Coming back stronger
Yarnold followed up her Sochi triumph with victory in the European Championships in Igls (AUT) in February 2015 and the World Championships in Winterberg (GER) the following month, where she won by a comfortable 0.67 second margin from Jacqueline Lölling, the rising star of German skeleton. Meanwhile, the Briton scored five wins in eight events to finish just behind Austria’s Janine Flock in the 2014/15 World Cup standings.
“It doesn’t matter that I’ve won the Olympic gold or not; I just want to be a better athlete,” said Yarnold at the time. By the end of the year, however, she decided to take a one-year sabbatical, citing physical and mental fatigue, while also making it clear that she had every intention of coming back to defend her Olympic title at PyeongChang 2018.
Yarnold returned to competition for the 2016/17 season, yet failed to achieve any meaningful results in the lead-up to PyeongChang, aside from top-three finishes in World Cup events in Lake Placid in December 2016 and November 2017.
Team GB’s flagbearer once more at the Opening Ceremony of the XXIII Olympic Winter Games, Yarnold arrived at the Alpensia Sliding Centre hampered by a lung infection. Although fastest in the competition’s opening run, leading by 0.08 seconds over Lölling and 0.15 over Flock, she later said that she had come close to withdrawing. “My chest infection was stopping me from breathing. I just tried to get the second run down and then fight another day.”
The British slider could only manage the ninth-fastest time in that second run, and slipped to third in the standings, a tenth of a second behind the leader Lölling. “If it wasn’t for my physio Louise Turner telling me to go down again, I’m not sure I would be here,” recalled Yarnold. “I was dizzy, I couldn’t breathe. I have no idea what happened. I’ve been ill for a week.

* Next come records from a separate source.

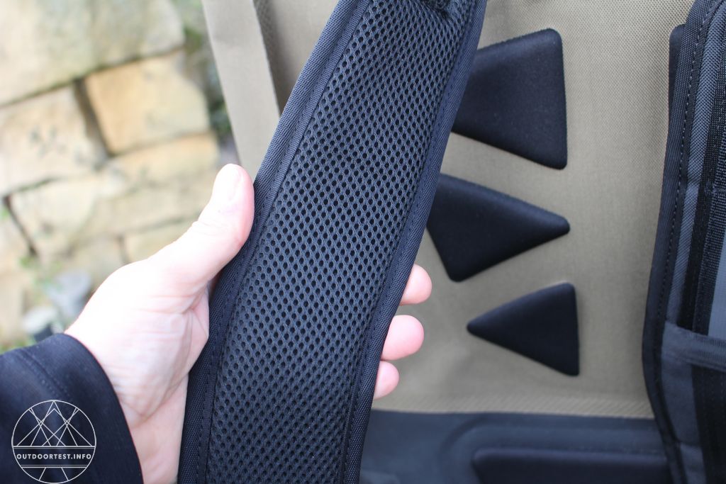 Die Schultergurte sind leicht gepolstert, drücken beim Tragen nicht und der Rucksack trägt sich auch in voll beladenem Zustand sehr angenehm.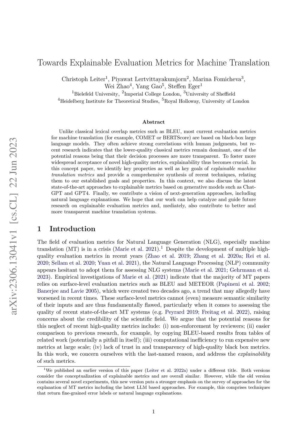 Unlike classical lexical overlap metrics such as BLEU, most current evaluation metrics for machine translation (for example, COMET or BERTScore) are based on black-box large language models. They often achieve strong correlations with human judgments, but recent research indicates that the lower-quality classical metrics remain dominant, one of the potential reasons being that their decision processes are more transparent. To foster more widespread acceptance of novel high-quality metrics, explainability thus becomes crucial. In this concept paper, we identify key properties as well as key goals of explainable machine translation metrics and provide a comprehensive synthesis of recent techniques, relating them to our established goals and properties. In this context, we also discuss the latest state-of-the-art approaches to explainable metrics based on generative models such as ChatGPT and GPT4. Finally, we contribute a vision of next-generation approaches, including natural language explanations. We hope that our work can help catalyze and guide future research on explainable evaluation metrics and, mediately, also contribute to better and more transparent machine translation systems.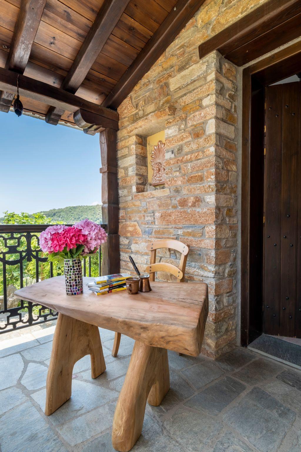 Discover the idyllic peace and beauty of Milies in central Greece in this welcoming holiday home, ideal for up to 8 guests. In perfect harmony with the traditional architecture of Pelion, which combines stone and wood, this house offers all the necessary comforts for an unforgettable stay. From the roof terrace to the spacious veranda, an ambience of relaxation awaits you here with views of the mountains, sea and valley.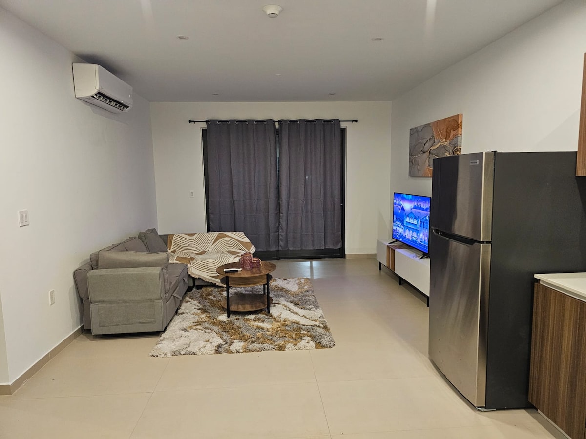 Denne luksuriøse lejlighed er blevet ombygget i 2025 og er klar til gæster, der søger en stilfuld lejlighed med pool. Rummet har et helt nyt køkken og badeværelse og har alt, hvad du måtte have brug for under din ferie. Nyd den private saltvandspool, og slap af på terrassen i loungestolene og komfortable siddeområder. Udendørsområdet er smukt indrettet, og vi tilbyder en grill, hvis du kan lide et hjemmelavet måltid. Den smukke tropiske have og den betagende havudsigt fuldender oplevelsen.

The Briton moved back into contention on the third run, ending it just 0.02 seconds behind new competition leader Flock, and then pounced for the gold on the fourth and final run. In setting a new track record of 51.46 seconds and clocking a top speed of 127.9kmh, Yarnold retained her Olympic title by a comfortable margin of 0.45 seconds from Lölling, with her compatriot Laura Deas claiming the bronze from Flock.
“I resisted the pressure in the fourth run because I’m used to it, I’ve done it hundreds of times: being consistent, repeating performances, believing in myself,” said Yarnold, dubbed by her country’s media as “Great Britain's greatest ever Winter Olympian”, the only one to have retained an Olympic title.
Skeleton’s most decorated Olympian, she celebrated her triumph two months later with an open-top bus tour in her home county of Kent, with thousands of fans turning up to give her a hero’s welcome, many of them youngsters who were no doubt dreaming of one day emulating her.